Bank of England Governor Mark Carney hinted on Thursday that financial markets were wrong to assume that an interest rate hike in May should be expected, underlining that there were also “other meetings” this year.
Speaking to BBC news on the sidelines of the IMF spring meetings in Washington, the leader of the English central bank said that the interest rates were still likely to gradually increase this year, but softer data had given the Monetary Policy Committee a reason to hesitate. He said the committee was now aware that there are other meetings in 2018 when it can consider rates.
The comment dashed widespread expectations for monetary policy tightening in May. Interest-rate futures markets have estimated the probability of a rate increase next month of up to 90 percent.
Carney said he does not want to be too focused on the exact timing, but more on the general path of the policy. He added that Britain should prepare for a “few interest rate rises over the next few years.”
The Sterling pound declined almost a cent against U.S. dollar to its lowest level since April 9 on the back of the comments, in which Carney underlined “mixed” economic data.
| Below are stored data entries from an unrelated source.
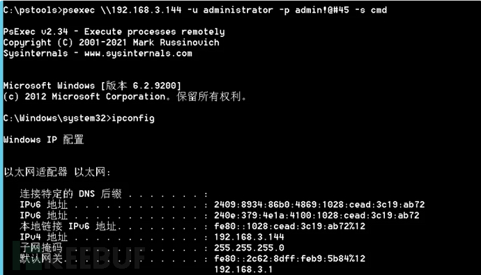 psexec \\192.168.3.64 -s cmd cmd #-s,表示以system权限运行窗口,成功返回目标主机system权限窗口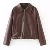 Z Estilo Europeo y Americano Transfronterizo 2025 Nuevo Venta al por Mayor Moda Temperamento Ropa de Mujer Celebridad de Internet Estilo Caliente Color Sólido Solapa Chaqueta de Cuero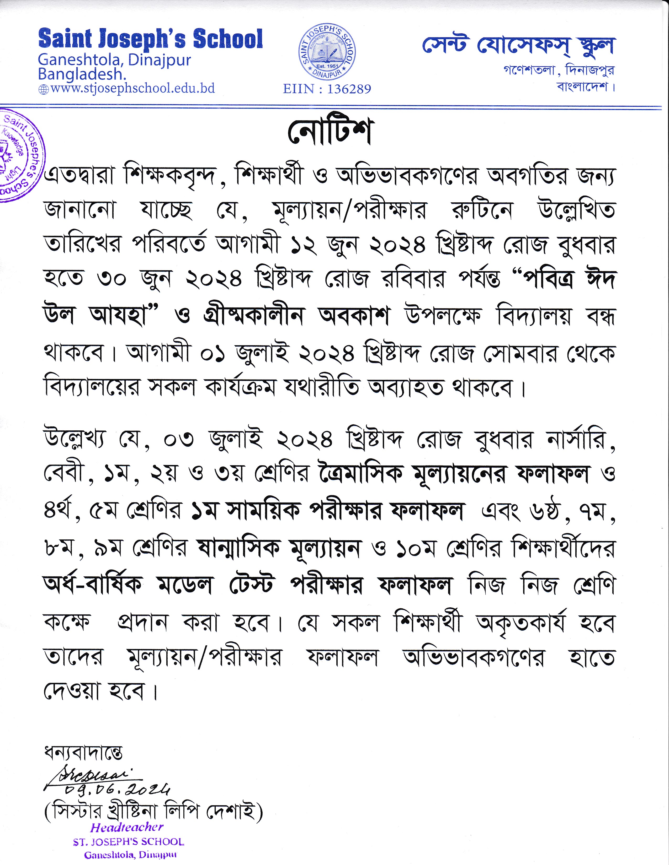 “পবিত্র ঈদ উল আযহা” ও গ্রীষ্মকালীন অবকাশ এবং ত্রৈমাসিক মূল্যায়ন/ষান্মাসিক মূল্যায়ন/১ম সাময়িক/অর্ধ-বার্ষিক মডেল টেস্ট পরীক্ষার ফলাফল প্রসঙ্গে

While unemployment declined to a new 45-year low and employment growth was strong, wage growth was weaker than anticipated. After the disappointing data, a steeper-than-expected decline in inflation.
In the end, Carney said that the result of the Britain’s divorce negotiations with the European Union would be the biggest factor in economic decisions in the coming years. He said that the central bank’s decision will be adjusted to the impact of those decisions in order to keep the economy on a stable path.